Start of SUPPLIED INFORMATION

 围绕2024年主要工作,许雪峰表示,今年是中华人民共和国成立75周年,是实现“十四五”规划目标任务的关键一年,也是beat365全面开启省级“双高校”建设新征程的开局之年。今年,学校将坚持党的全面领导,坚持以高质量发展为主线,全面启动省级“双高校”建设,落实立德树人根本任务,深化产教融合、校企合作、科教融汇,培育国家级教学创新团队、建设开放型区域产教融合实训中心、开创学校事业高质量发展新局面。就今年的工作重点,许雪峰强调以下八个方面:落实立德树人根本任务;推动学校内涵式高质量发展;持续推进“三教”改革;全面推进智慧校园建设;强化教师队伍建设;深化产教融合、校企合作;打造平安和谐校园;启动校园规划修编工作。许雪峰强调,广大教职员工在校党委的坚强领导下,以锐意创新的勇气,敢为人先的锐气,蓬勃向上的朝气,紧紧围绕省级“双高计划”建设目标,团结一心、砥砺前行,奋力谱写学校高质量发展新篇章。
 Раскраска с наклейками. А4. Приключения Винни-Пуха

End of SUPPLIED INFORMATION
Start of SUPPLIED INFORMATION

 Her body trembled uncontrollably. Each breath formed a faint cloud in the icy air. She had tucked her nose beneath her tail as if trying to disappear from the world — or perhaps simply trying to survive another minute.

End of SUPPLIED INFORMATION

--- WORK ITEM ---
Of the lines above, output exactly those from the line bearing "围绕2024年主要工作,许雪" through the line bearing "Раскраска с наклейками.", inclusive.

--- RESPONSE ---
 围绕2024年主要工作,许雪峰表示,今年是中华人民共和国成立75周年,是实现“十四五”规划目标任务的关键一年,也是beat365全面开启省级“双高校”建设新征程的开局之年。今年,学校将坚持党的全面领导,坚持以高质量发展为主线,全面启动省级“双高校”建设,落实立德树人根本任务,深化产教融合、校企合作、科教融汇,培育国家级教学创新团队、建设开放型区域产教融合实训中心、开创学校事业高质量发展新局面。就今年的工作重点,许雪峰强调以下八个方面:落实立德树人根本任务;推动学校内涵式高质量发展;持续推进“三教”改革;全面推进智慧校园建设;强化教师队伍建设;深化产教融合、校企合作;打造平安和谐校园;启动校园规划修编工作。许雪峰强调,广大教职员工在校党委的坚强领导下,以锐意创新的勇气,敢为人先的锐气,蓬勃向上的朝气,紧紧围绕省级“双高计划”建设目标,团结一心、砥砺前行,奋力谱写学校高质量发展新篇章。
 Раскраска с наклейками. А4. Приключения Винни-Пуха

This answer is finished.